▶ [Dataset section]:
=== Section Start ===
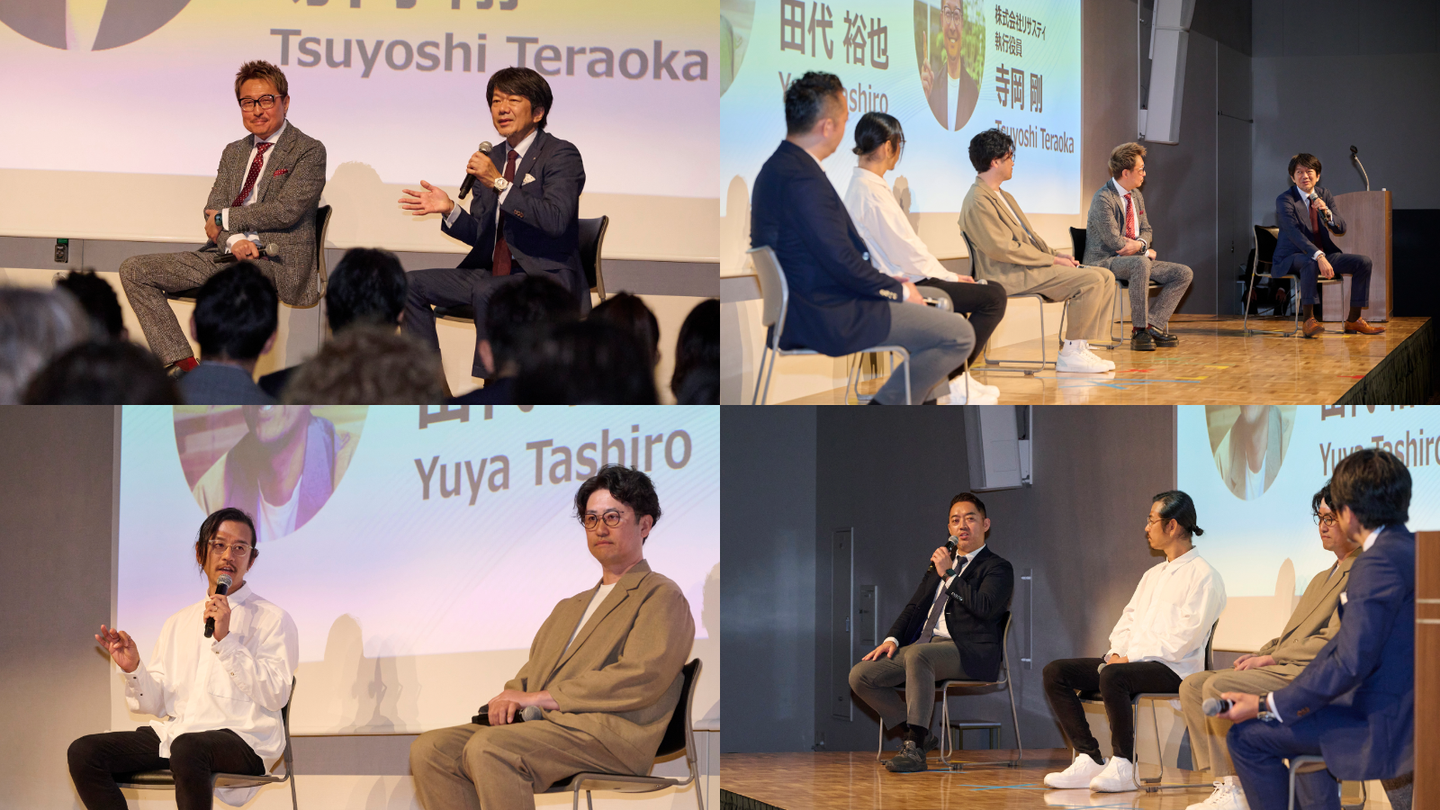 ▼会議後半は「株式会社スパガレージ」「株式会社カラログ」「HAIRCAMP株式会社」「株式会社リサスティー」計4社の役員に登壇いただき、各社のプレゼンテーションを実施した後にビューティガレージ代表取締役CEO兼COO 野村と各社役員とのトークセッションを行ないました。
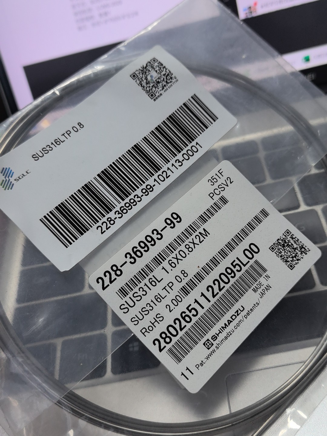 Shimadzu high performance liquid chromatograph, stainless steel pipeline for liquid mass chromatograph, SUS316LTP 0.8, outer diameter 1.6* inner diameter 0.8* length 2 meters, used for LCMS-2020 item number: 228-36993-99
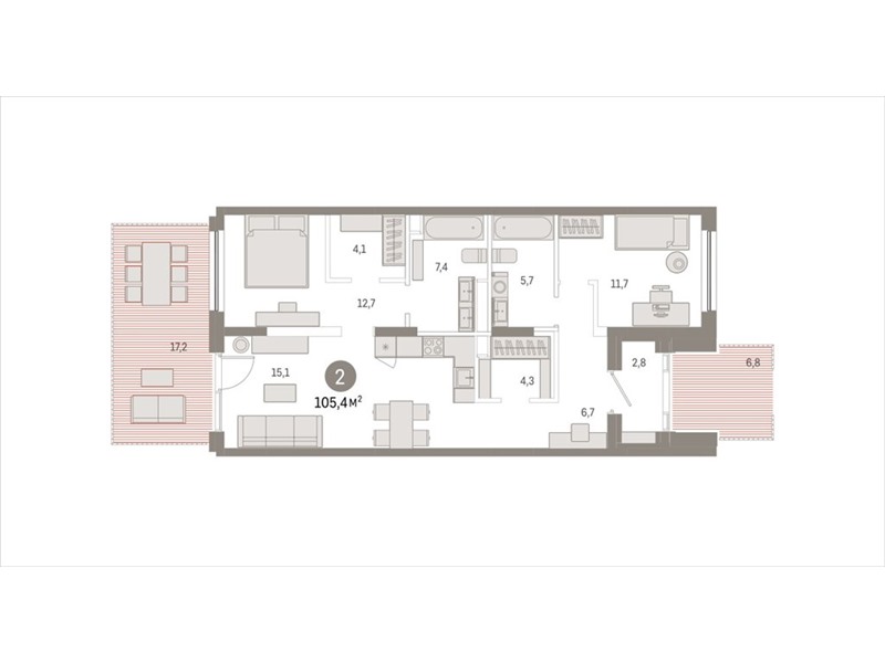 общая 105,4 м2, жилая 24,42 м2, кухни 26,02 м2 |
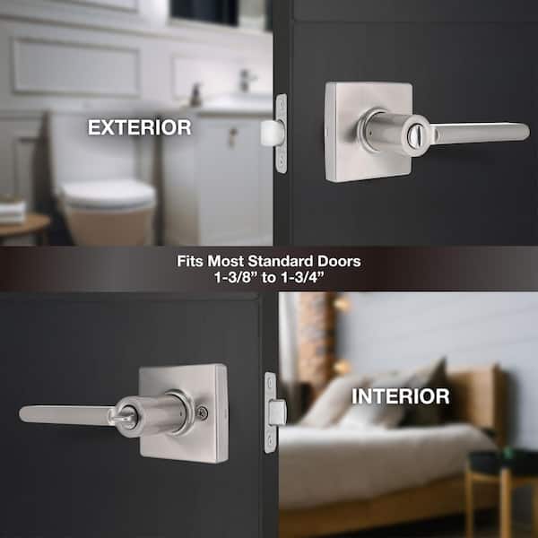 Tonebridge Satin Nickel Bed/Bath Door Lever with Square Rose
=== Section End ===
▶ [Action item]:
From the line that contains "Shimadzu high performance" to the last line of the data above, inclusive, transcribe every line exactly and only those lines, omitting pictures.

▶ [Solution for this exercise]:
 Shimadzu high performance liquid chromatograph, stainless steel pipeline for liquid mass chromatograph, SUS316LTP 0.8, outer diameter 1.6* inner diameter 0.8* length 2 meters, used for LCMS-2020 item number: 228-36993-99
 общая 105,4 м2, жилая 24,42 м2, кухни 26,02 м2 |
 Tonebridge Satin Nickel Bed/Bath Door Lever with Square Rose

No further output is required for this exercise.